INPUT RECORDS Start Marker
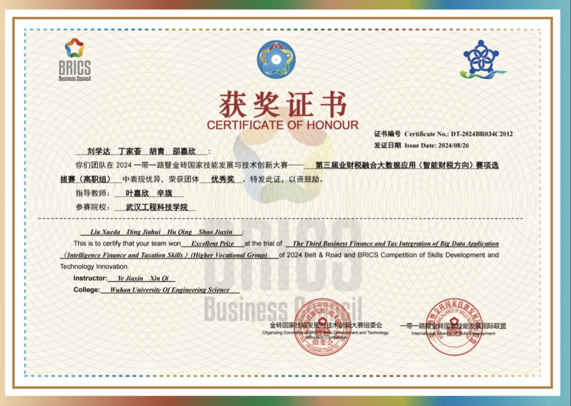 近日,2024年第八届“一带一路”暨金砖国家技能发展与技术创新大赛之业财税融合大数据应用赛项高职组选拔赛圆满落幕。本次大赛作为金砖国家间教育合作、技能开发与人文交流的重要平台,吸引了来自全国各地的高职院校积极参与,经过激烈角逐,我校代表队凭借出色的表现荣获团体三等奖和团体优秀奖,为学校赢得了荣誉。
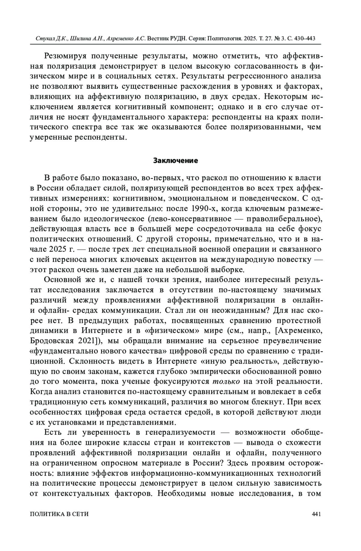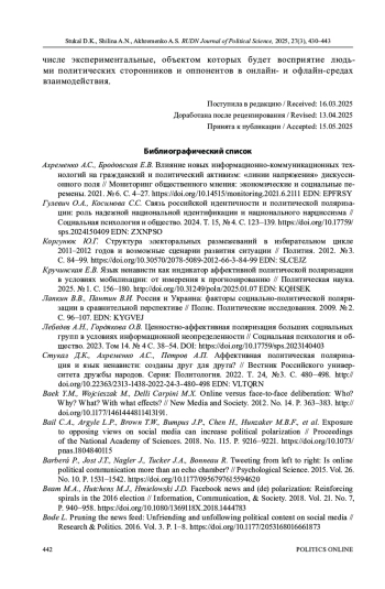 7. Стукал Д.К., Ахременко А.С., Петров А.П. Аффективная политическая поляризация и язык ненависти: созданы друг для друга? // Вестник Российского университета дружбы народов. Серия: Политология. 2022. Т. 24, № 3. С. 480-498. DOI: 10.22363/2313-1438-2022-24-3-480-498 EDN: VLTQRN
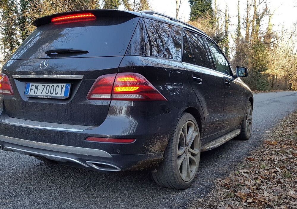 Tipicità da SUV, dicevamo, con inserti preziosi che fanno comprendere come GLE possa dare mostra di sè anche quando l'asfalto rimane alle spalle. Le misure parlano chiaro: quattro metri e 82 di altezza, uno e 94 di larghezza, e un'altezza di uno e 80. Una bella presenza, quindi, resa massiccia da un frontale dove l'emblema Mercedes è enorme, e dove i fari full led adattivi si accendono in via del tutto scenografica. Sulle fiancate le nervature non mancano, così come i cerchi da 21 che magari non suggeriscono un fuoristrada estremo, ma che sono perfettamente concepiti per dare a GLE le giuste proporzioni. La spalla è comunque adeguata, ed è elevata l'altezza da terra, con angoli di attacco e di uscita rispettivamente di 26 gradi e altezza di guado di 50 centimetri, che diventano rispettivamente 30 gradi e 60 centimetri con il pacchetto Offroad+. Niente male per questo mostro costruito con i soliti crismi Mercedes, che offre qualità anche nelle soluzioni posteriori e nel bagagliaio, apribile e richiudibile in via del tutto elettrica. I doppi terminali portano simmetria ma sono finti. Poco male, è un vezzo stilistico di molte case.
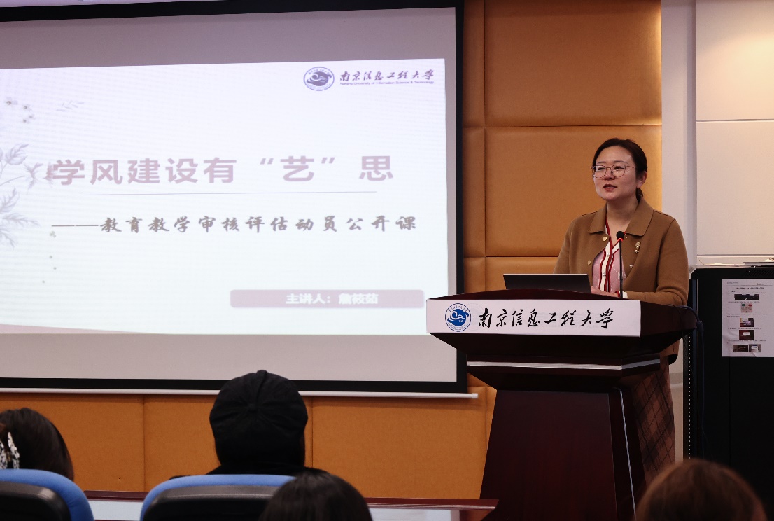 詹筱茹以学风建设有“艺”思为主题,为同学们上了一堂生动的公开课。首先介绍了学校和学院的蓬勃发展史,详细解读了本科教育教学审核评估工作的主体流程与重要意义,希望全体学生高度重视,明确“一根本、两突出、三强化、五个度”的目标,充分认识到学生在评估工作中的重要作用。
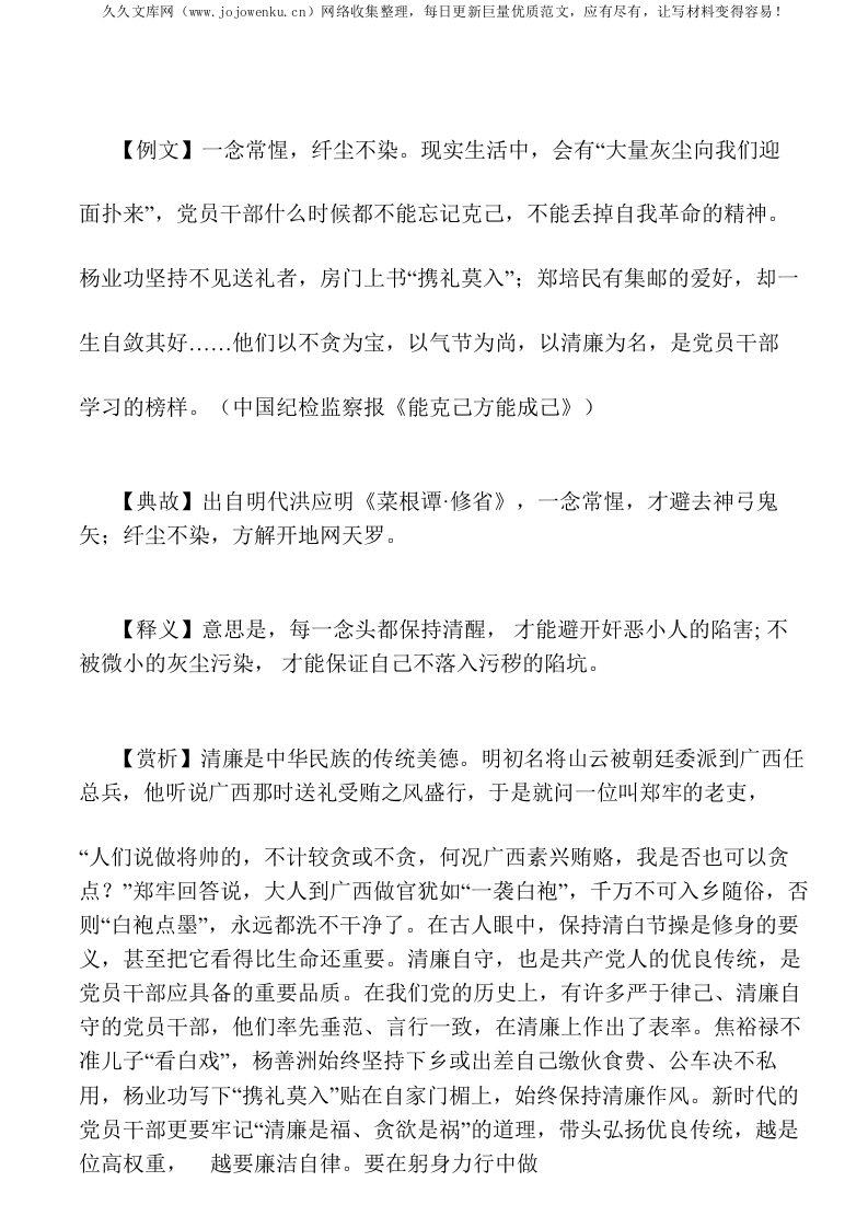 首页写作提升写作用典【写材料用典】一念常惺,纤尘不染
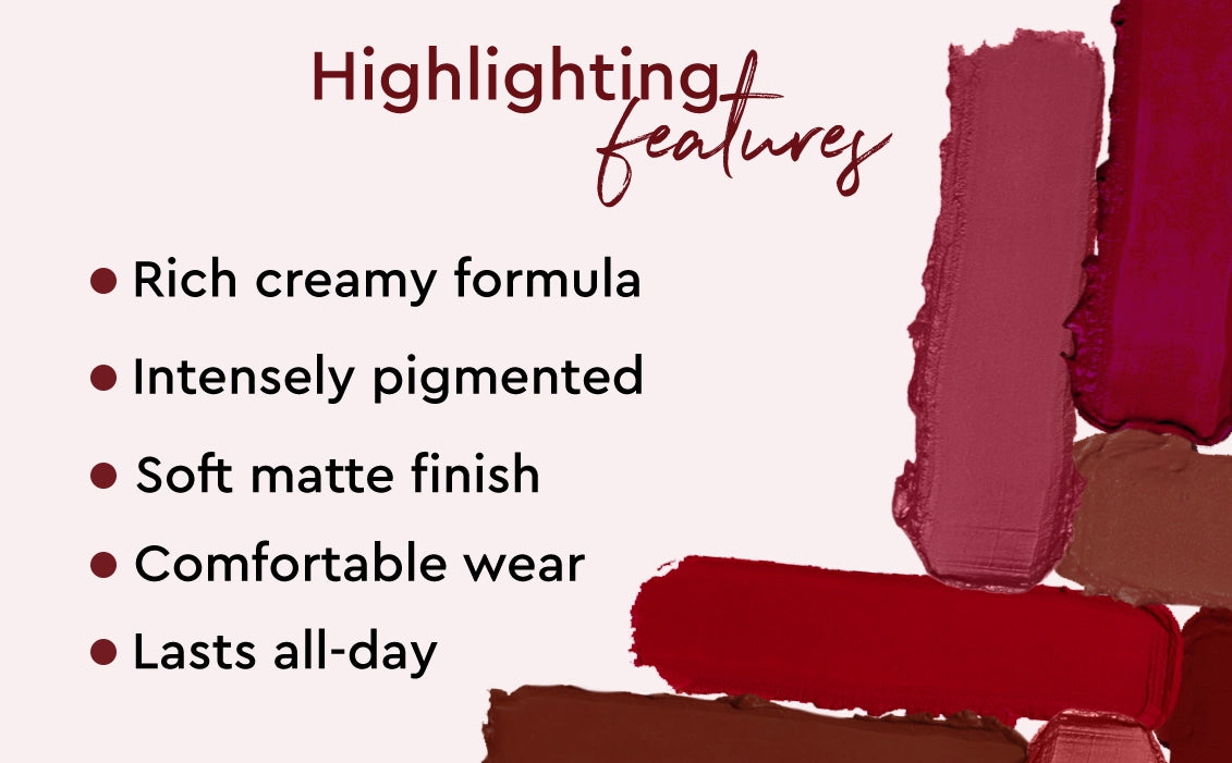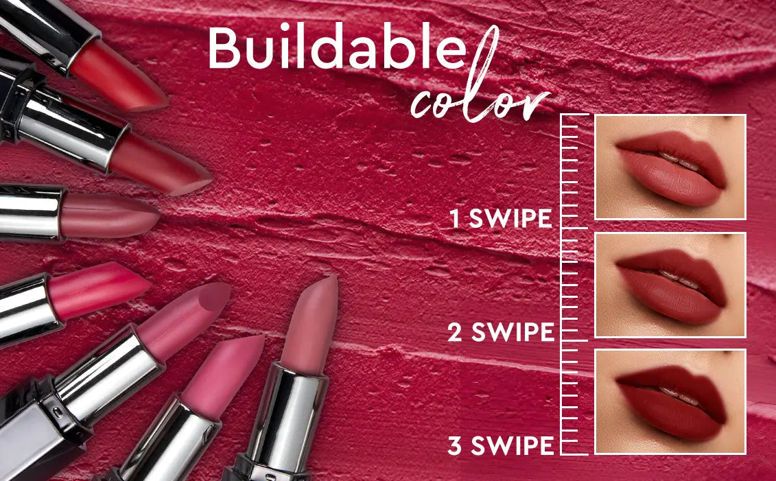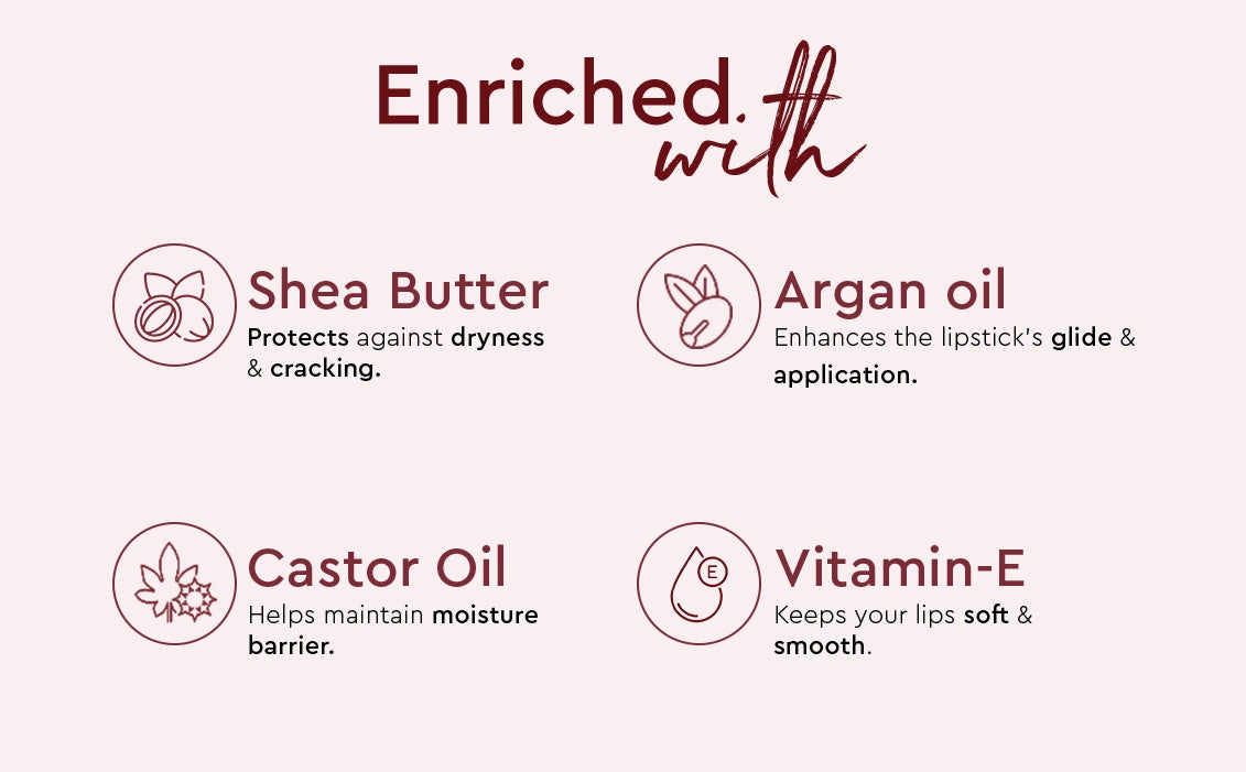 The intense pigmentation ensures a long-lasting, wear that lasts throughout the day. Infused with nourishing ingredients like vitamin E, shea butter, Argan Oil, and Papaya Seed Oil this lipstick hydrates and nourishes your lips, leaving them feeling soft and supple.
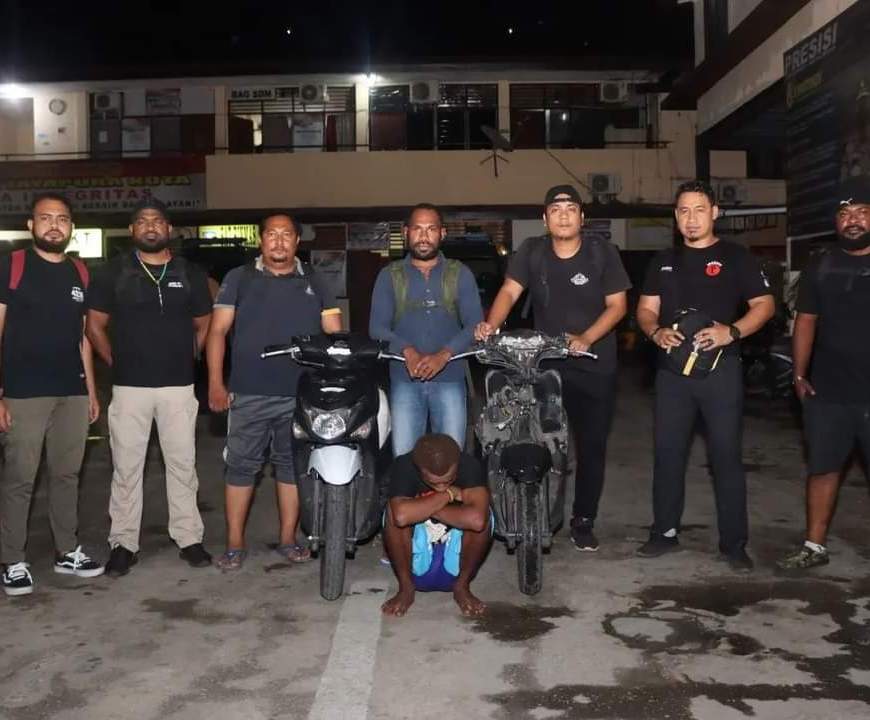 Jayapura – Tim Resmob Numbay kembali berhasil mengungkap kasus Curanmor, kali ini tim mengamankan dua pelaku curanmor dan satu penadah bersama barang buktinya. Hal tersebut diungkapkan Kasat Reskrim Polresta Jayapura Kota AKP Handry M. Bawiling, S.Sos., M.M saat ditemui di ruang kerjanya, Kamis siang, 21 Juli 2022. AKP Handry mengatakan, dua pelaku yang diamankan yakni LR (20) dan RG (18) bersama barang bukti SPM milik … Lanjutkan membaca Tim Resmob Numbay Ciduk Dua Pelaku Curanmor dan Satu Penadah
INPUT RECORDS End Marker
■ **WORK INSTRUCTION**
Leaving out the pictures, output each line above exactly as it is.

■ **ANSWER AREA**
 近日,2024年第八届“一带一路”暨金砖国家技能发展与技术创新大赛之业财税融合大数据应用赛项高职组选拔赛圆满落幕。本次大赛作为金砖国家间教育合作、技能开发与人文交流的重要平台,吸引了来自全国各地的高职院校积极参与,经过激烈角逐,我校代表队凭借出色的表现荣获团体三等奖和团体优秀奖,为学校赢得了荣誉。
 7. Стукал Д.К., Ахременко А.С., Петров А.П. Аффективная политическая поляризация и язык ненависти: созданы друг для друга? // Вестник Российского университета дружбы народов. Серия: Политология. 2022. Т. 24, № 3. С. 480-498. DOI: 10.22363/2313-1438-2022-24-3-480-498 EDN: VLTQRN
 Tipicità da SUV, dicevamo, con inserti preziosi che fanno comprendere come GLE possa dare mostra di sè anche quando l'asfalto rimane alle spalle. Le misure parlano chiaro: quattro metri e 82 di altezza, uno e 94 di larghezza, e un'altezza di uno e 80. Una bella presenza, quindi, resa massiccia da un frontale dove l'emblema Mercedes è enorme, e dove i fari full led adattivi si accendono in via del tutto scenografica. Sulle fiancate le nervature non mancano, così come i cerchi da 21 che magari non suggeriscono un fuoristrada estremo, ma che sono perfettamente concepiti per dare a GLE le giuste proporzioni. La spalla è comunque adeguata, ed è elevata l'altezza da terra, con angoli di attacco e di uscita rispettivamente di 26 gradi e altezza di guado di 50 centimetri, che diventano rispettivamente 30 gradi e 60 centimetri con il pacchetto Offroad+. Niente male per questo mostro costruito con i soliti crismi Mercedes, che offre qualità anche nelle soluzioni posteriori e nel bagagliaio, apribile e richiudibile in via del tutto elettrica. I doppi terminali portano simmetria ma sono finti. Poco male, è un vezzo stilistico di molte case.
 詹筱茹以学风建设有“艺”思为主题,为同学们上了一堂生动的公开课。首先介绍了学校和学院的蓬勃发展史,详细解读了本科教育教学审核评估工作的主体流程与重要意义,希望全体学生高度重视,明确“一根本、两突出、三强化、五个度”的目标,充分认识到学生在评估工作中的重要作用。
 首页写作提升写作用典【写材料用典】一念常惺,纤尘不染
 The intense pigmentation ensures a long-lasting, wear that lasts throughout the day. Infused with nourishing ingredients like vitamin E, shea butter, Argan Oil, and Papaya Seed Oil this lipstick hydrates and nourishes your lips, leaving them feeling soft and supple.
 Jayapura – Tim Resmob Numbay kembali berhasil mengungkap kasus Curanmor, kali ini tim mengamankan dua pelaku curanmor dan satu penadah bersama barang buktinya. Hal tersebut diungkapkan Kasat Reskrim Polresta Jayapura Kota AKP Handry M. Bawiling, S.Sos., M.M saat ditemui di ruang kerjanya, Kamis siang, 21 Juli 2022. AKP Handry mengatakan, dua pelaku yang diamankan yakni LR (20) dan RG (18) bersama barang bukti SPM milik … Lanjutkan membaca Tim Resmob Numbay Ciduk Dua Pelaku Curanmor dan Satu Penadah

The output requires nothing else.